▸ **REQUIRED WORK**
Give again, exactly as written, the lines of the records below from the line with "marca com o" to the line with "Bartender tote bag". Both end lines count; pictures do not.

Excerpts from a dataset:

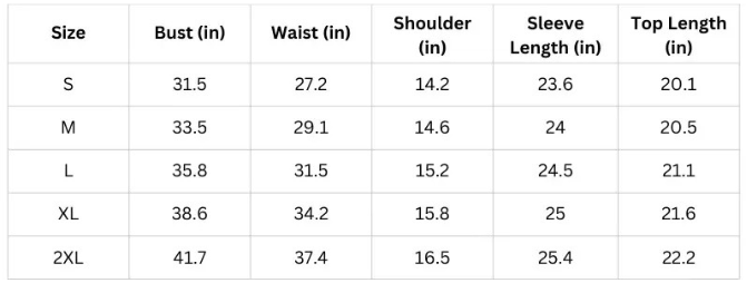 SIZE CHART - TOP (Inches)
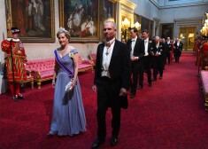 Viesi pulcējas Bakingemas pils saviesīgajam banketam
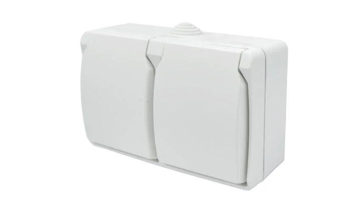HYDRO Gniazdo hermetyczne podwójne z/u IP44 z klapką białe 120436
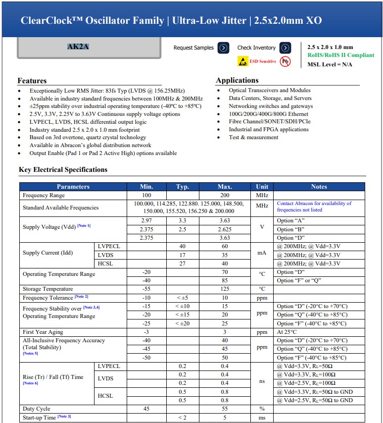 低抖動(dòng)振蕩器AK2APAF1-156.2500T3適用于6G無(wú)線晶振應(yīng)用
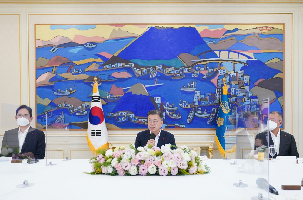 이재용 삼성전자 부회장, 정의선 현대자동차그룹 회장, 최태원 SK주식회사 회장, 구광모 (주)LG 회장, 최정우 포스코그룹 회장, 구현모 KT 대표이사 등 6개 대기업 총수들이 한 자리에 모였다.
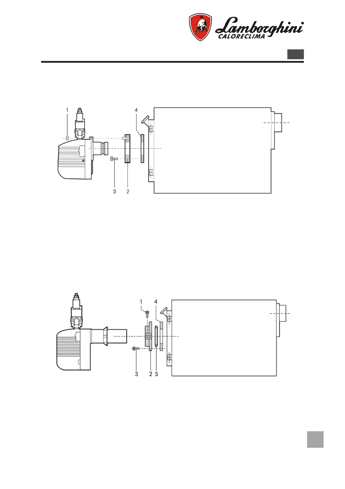 Fix ange 2 to the boiler using 4 screws 3 interposing the insulation gasket 4. Insert the burner
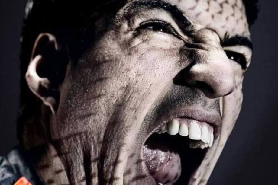 marca com o jogador uruguaio posando de dentes escancarados, e que desde a mordida que o retirou da
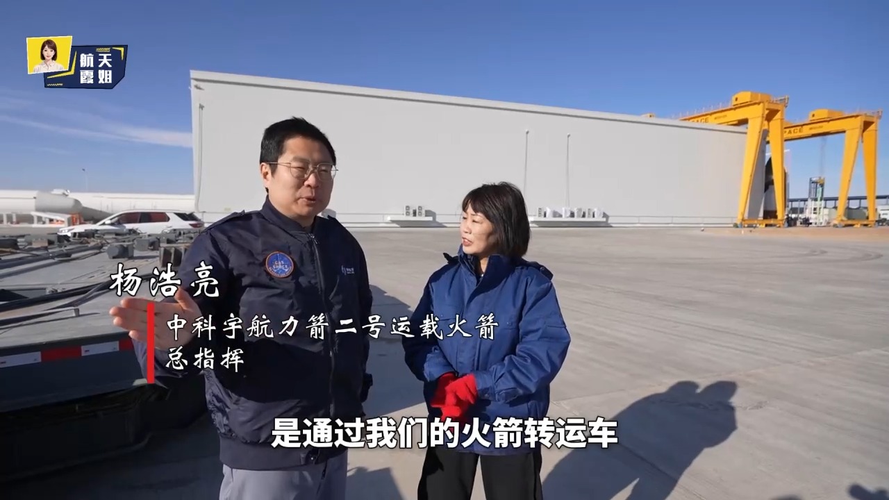 中科宇航力箭二号运载火箭总指挥 杨浩亮:火箭是通过火箭转运车从技术厂房通过8.8公里的道路,以5公里每小时到10公里每小时的速度慢慢转运而来。厂房也是一个移动保温厂房,火箭到了移动工位,倒下之后,它将不再往后移动,这个时候整个移动保温厂房向前移动。相当于人家是搬家,这里是搬房子。
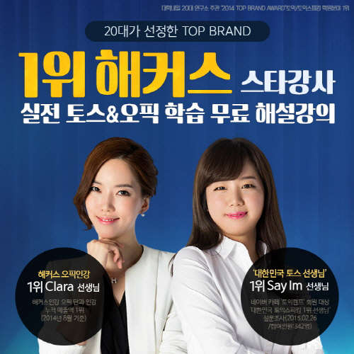 한편해커스어학원은 지난해 11월 21일 대학내일 20대 연구소에서 발표한 '2014년 20대 TOP BRAND AWARDS-토익/토익스피킹 학원 분야 1위'에 선정됐다.
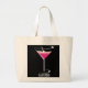 Bartender tote bag for your class materials. Pink Martini Glass on black background. Customize your colors, font and tote bag style online.
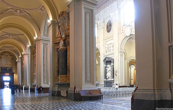 ▼中殿右側第二個墩柱的背側是教宗思維二世(Sylvester II, 999-1003在位)紀念碑。思維二世是第一個法國籍教宗,是具有傳奇色彩的「千禧年教宗」。他曾去當時仍為阿拉伯人統治的西班牙學習,接觸到先進的阿拉伯文明而精通天文與數學,並將阿拉伯數字引進歐洲。
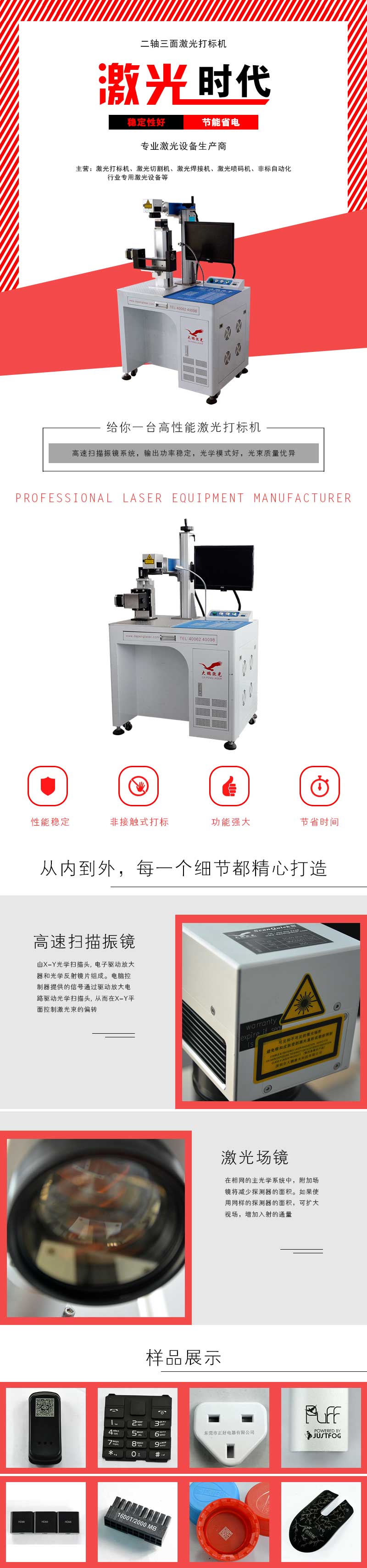 是一款专门针对手机中壳镭射打标的机型,具有自动升降二次旋转功能,雕刻手机中壳的电镀层,做到位置精确,无大小边,手机四边360°无断点的效用。
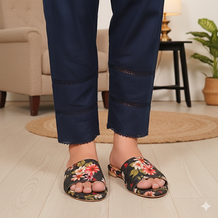 These printed slippers represent a prime example of delightful, opulent, and time-honored craftsmanship showcased in elegant flats, meticulously made by dedicated rural shoemakers to showcase the unparalleled beauty of captivating feet.
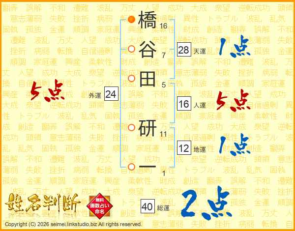 橋谷田研一さんの総運は40画の2点!

▸ **TASK RESULT**
 marca com o jogador uruguaio posando de dentes escancarados, e que desde a mordida que o retirou da
 中科宇航力箭二号运载火箭总指挥 杨浩亮:火箭是通过火箭转运车从技术厂房通过8.8公里的道路,以5公里每小时到10公里每小时的速度慢慢转运而来。厂房也是一个移动保温厂房,火箭到了移动工位,倒下之后,它将不再往后移动,这个时候整个移动保温厂房向前移动。相当于人家是搬家,这里是搬房子。
 한편해커스어학원은 지난해 11월 21일 대학내일 20대 연구소에서 발표한 '2014년 20대 TOP BRAND AWARDS-토익/토익스피킹 학원 분야 1위'에 선정됐다.
 Bartender tote bag for your class materials. Pink Martini Glass on black background. Customize your colors, font and tote bag style online.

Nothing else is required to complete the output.